**Information provided**
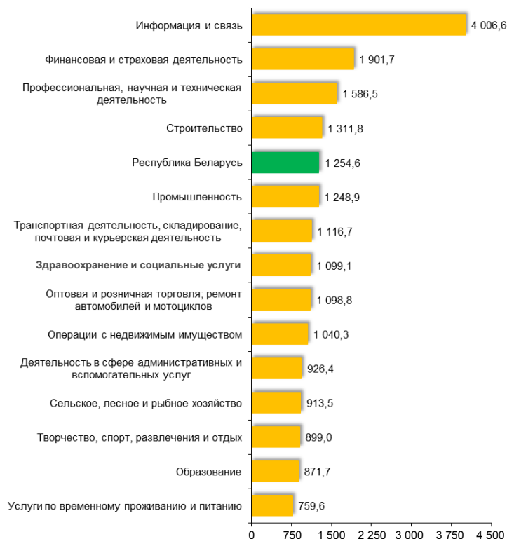
Рисунок 3 – Номинальная начисленная средняя заработная плата работников Республики Беларусь по отдельным видам экономической деятельности в 2020 г.

Следует отметить, что в 2021 г. к наиболее востребованным профессиям на рынке труда относятся логисты, прядильщики, плотники, повара. Относительно новыми вакансиями на рынке труда Беларуси являются маркетологи и работники отдела продаж. Белорусские юристы периодически сталкиваются с проблемами при трудоустройстве, спрос на эту специальность стремительно падает [4]. В Республике Беларусь самые высокие оклады получают работники сферы информации и связи, финансовой и страховой деятельности. Замыкают список сфера образования и сфера услуг по временному проживанию и питанию (рисунок 3).
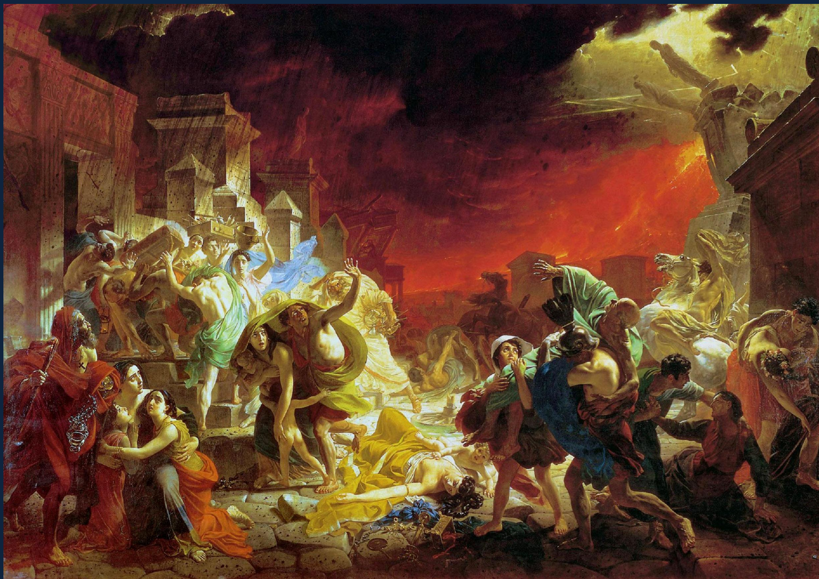
Карл Брюллов. Последний день Помпеи. 1830—1833. Х., м. 465,5 × 651 см ГРМ, СПб
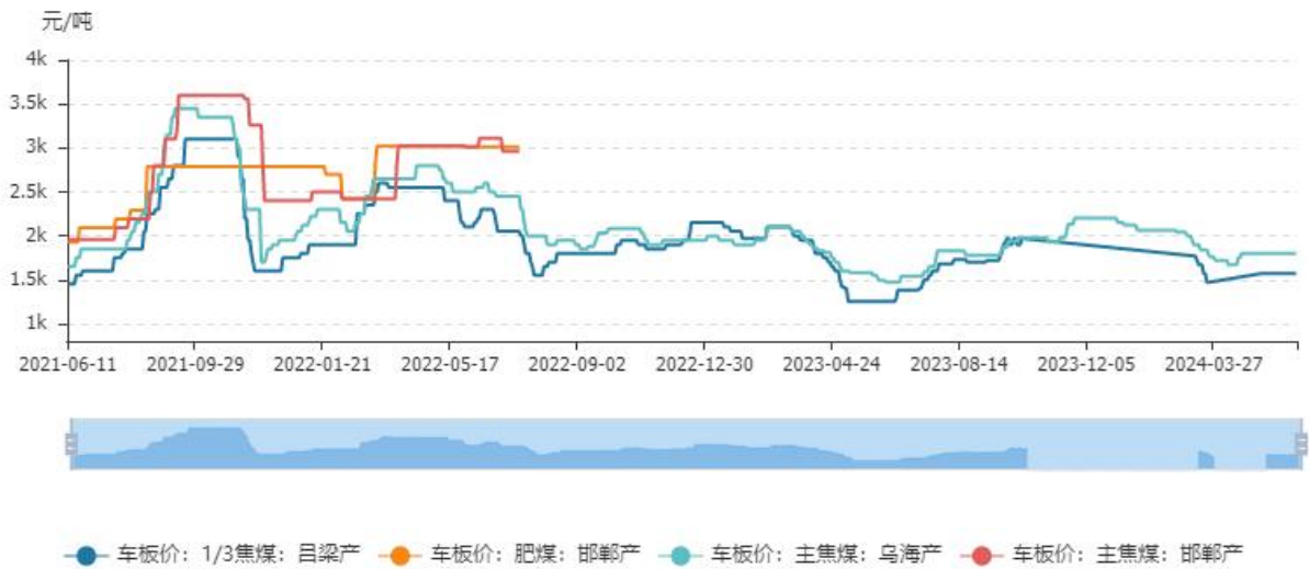
炼焦煤华北各地车板价

**Exercise requirements**
Each line of the listing above must be given again exactly; the pictures are to be left out.

**Response area**
Рисунок 3 – Номинальная начисленная средняя заработная плата работников Республики Беларусь по отдельным видам экономической деятельности в 2020 г.

Следует отметить, что в 2021 г. к наиболее востребованным профессиям на рынке труда относятся логисты, прядильщики, плотники, повара. Относительно новыми вакансиями на рынке труда Беларуси являются маркетологи и работники отдела продаж. Белорусские юристы периодически сталкиваются с проблемами при трудоустройстве, спрос на эту специальность стремительно падает [4]. В Республике Беларусь самые высокие оклады получают работники сферы информации и связи, финансовой и страховой деятельности. Замыкают список сфера образования и сфера услуг по временному проживанию и питанию (рисунок 3).
Карл Брюллов. Последний день Помпеи. 1830—1833. Х., м. 465,5 × 651 см ГРМ, СПб
炼焦煤华北各地车板价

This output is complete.